──────── DATASET SECTION
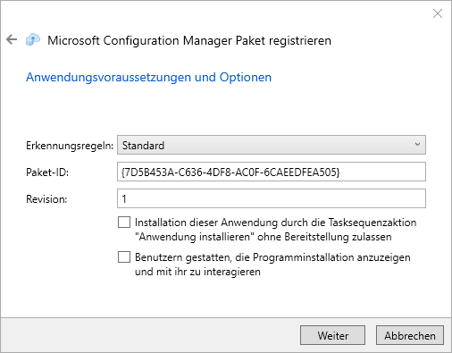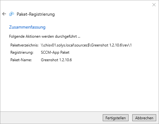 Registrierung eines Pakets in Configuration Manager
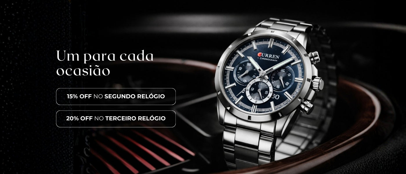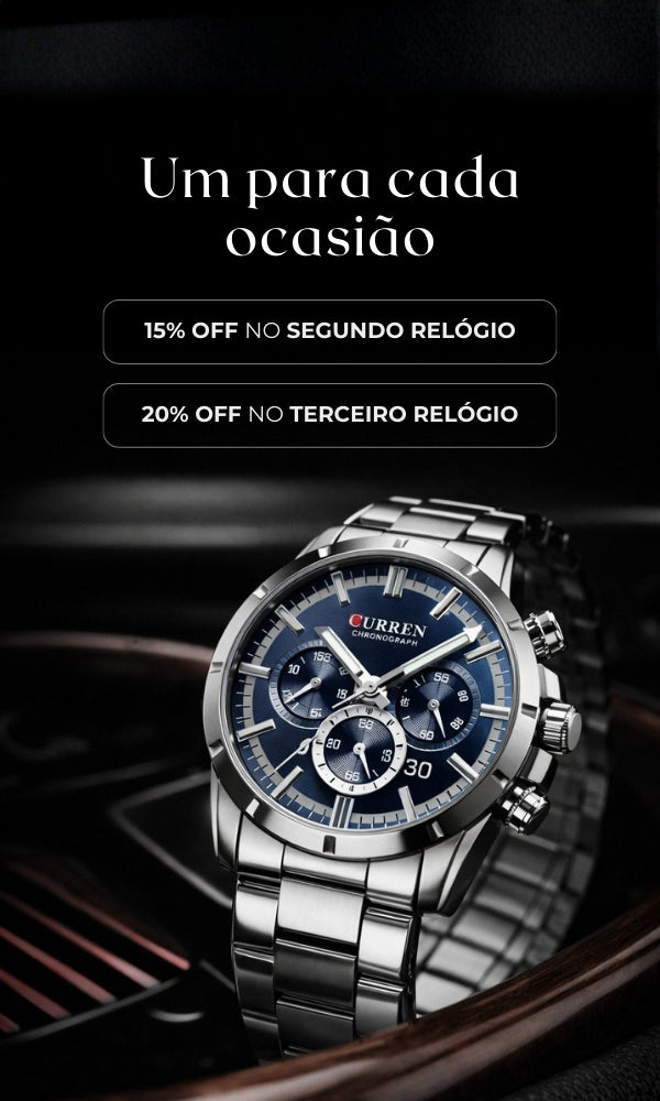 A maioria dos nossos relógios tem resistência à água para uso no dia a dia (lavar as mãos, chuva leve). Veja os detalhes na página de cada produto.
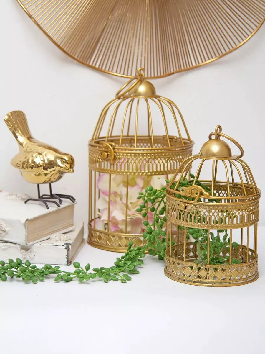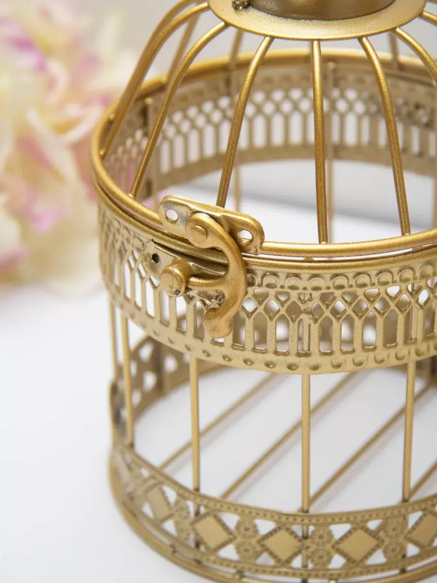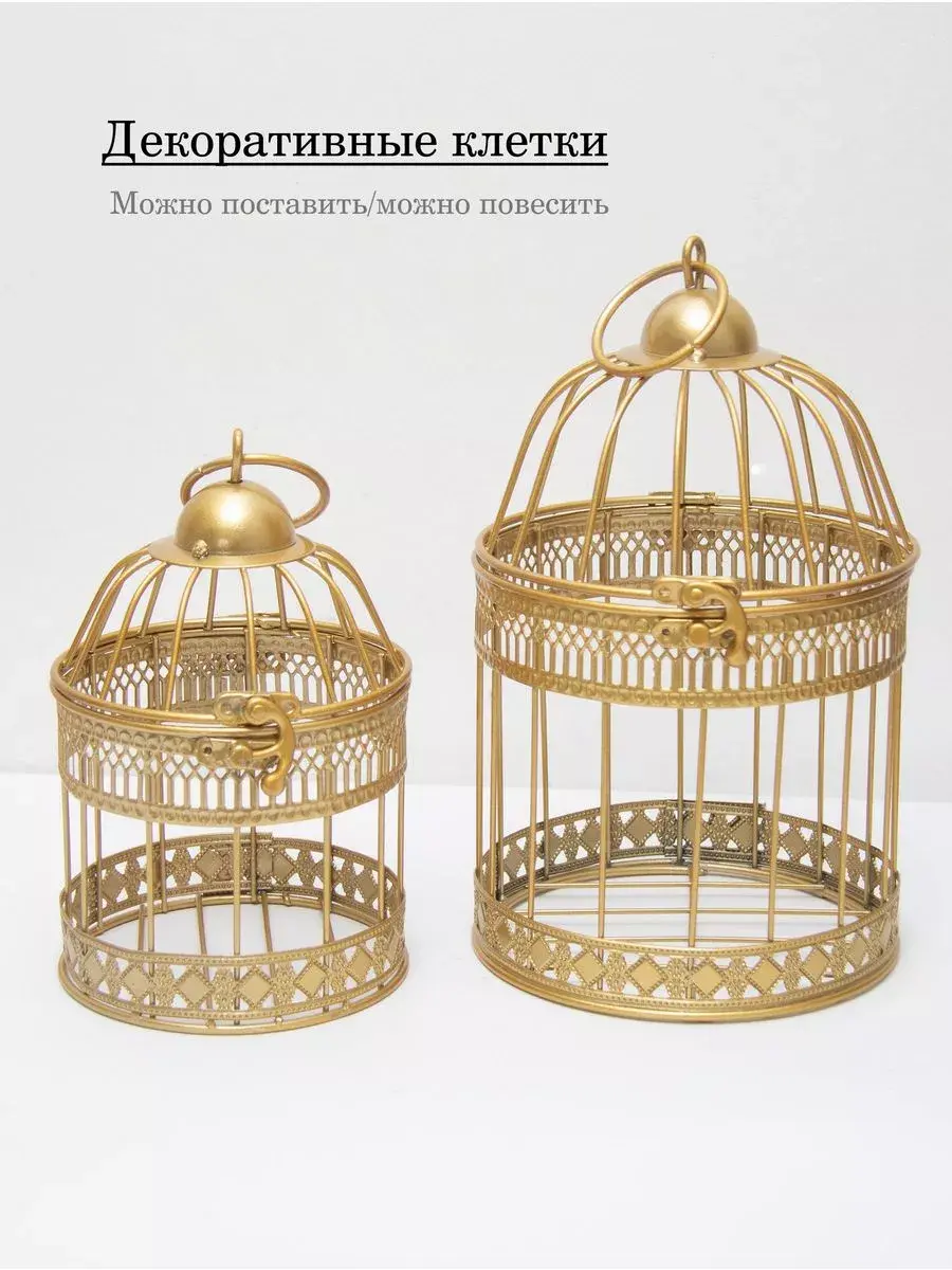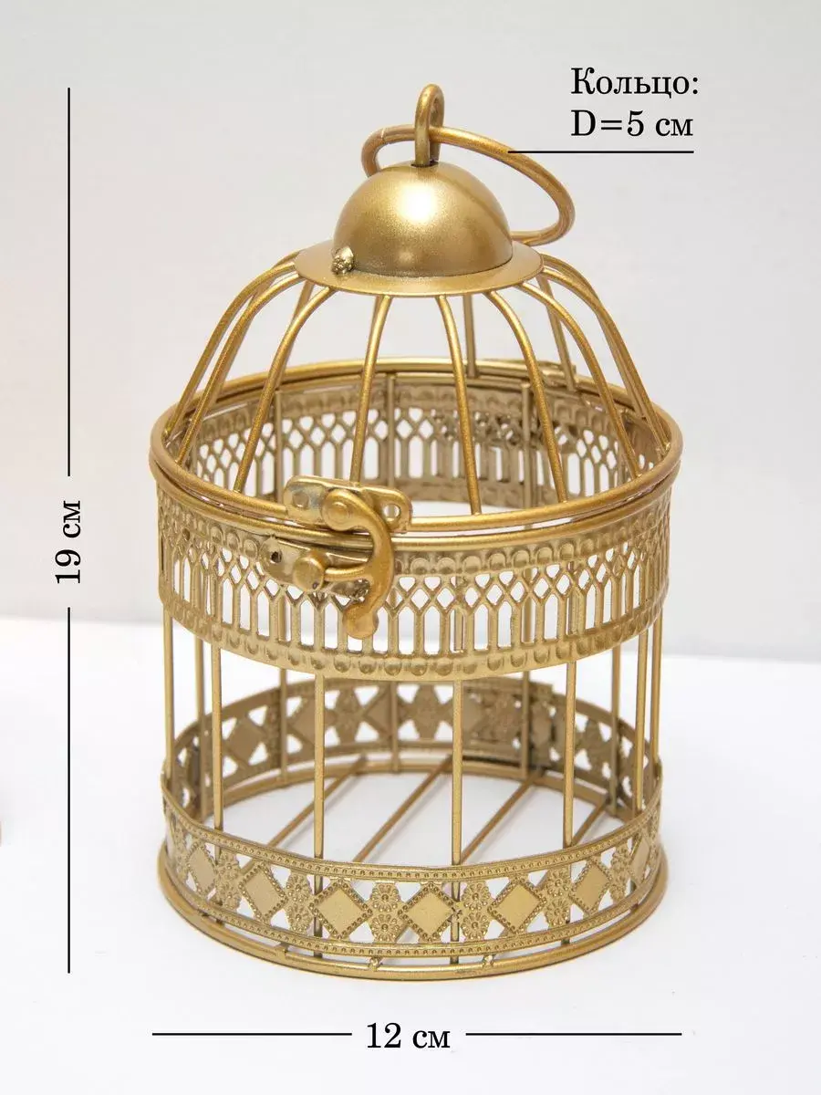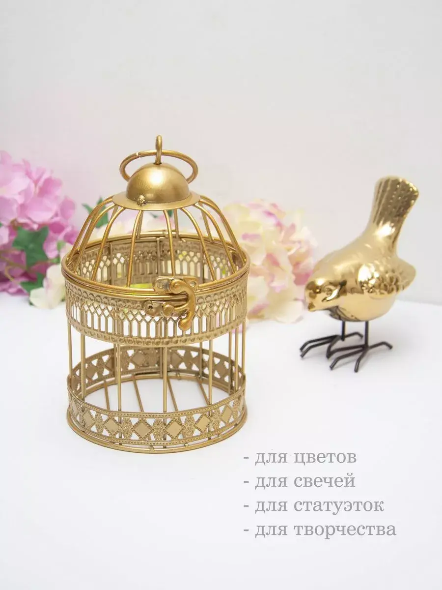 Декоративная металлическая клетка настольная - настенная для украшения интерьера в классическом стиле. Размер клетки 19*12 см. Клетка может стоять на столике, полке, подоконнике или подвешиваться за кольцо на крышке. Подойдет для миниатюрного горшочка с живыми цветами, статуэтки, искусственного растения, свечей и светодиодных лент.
────────────────
→ **EXERCISE INSTRUCTIONS**: The data must be printed exactly, image-free.

→ **YOUR RESPONSE**:
 Registrierung eines Pakets in Configuration Manager
 A maioria dos nossos relógios tem resistência à água para uso no dia a dia (lavar as mãos, chuva leve). Veja os detalhes na página de cada produto.
 Декоративная металлическая клетка настольная - настенная для украшения интерьера в классическом стиле. Размер клетки 19*12 см. Клетка может стоять на столике, полке, подоконнике или подвешиваться за кольцо на крышке. Подойдет для миниатюрного горшочка с живыми цветами, статуэтки, искусственного растения, свечей и светодиодных лент.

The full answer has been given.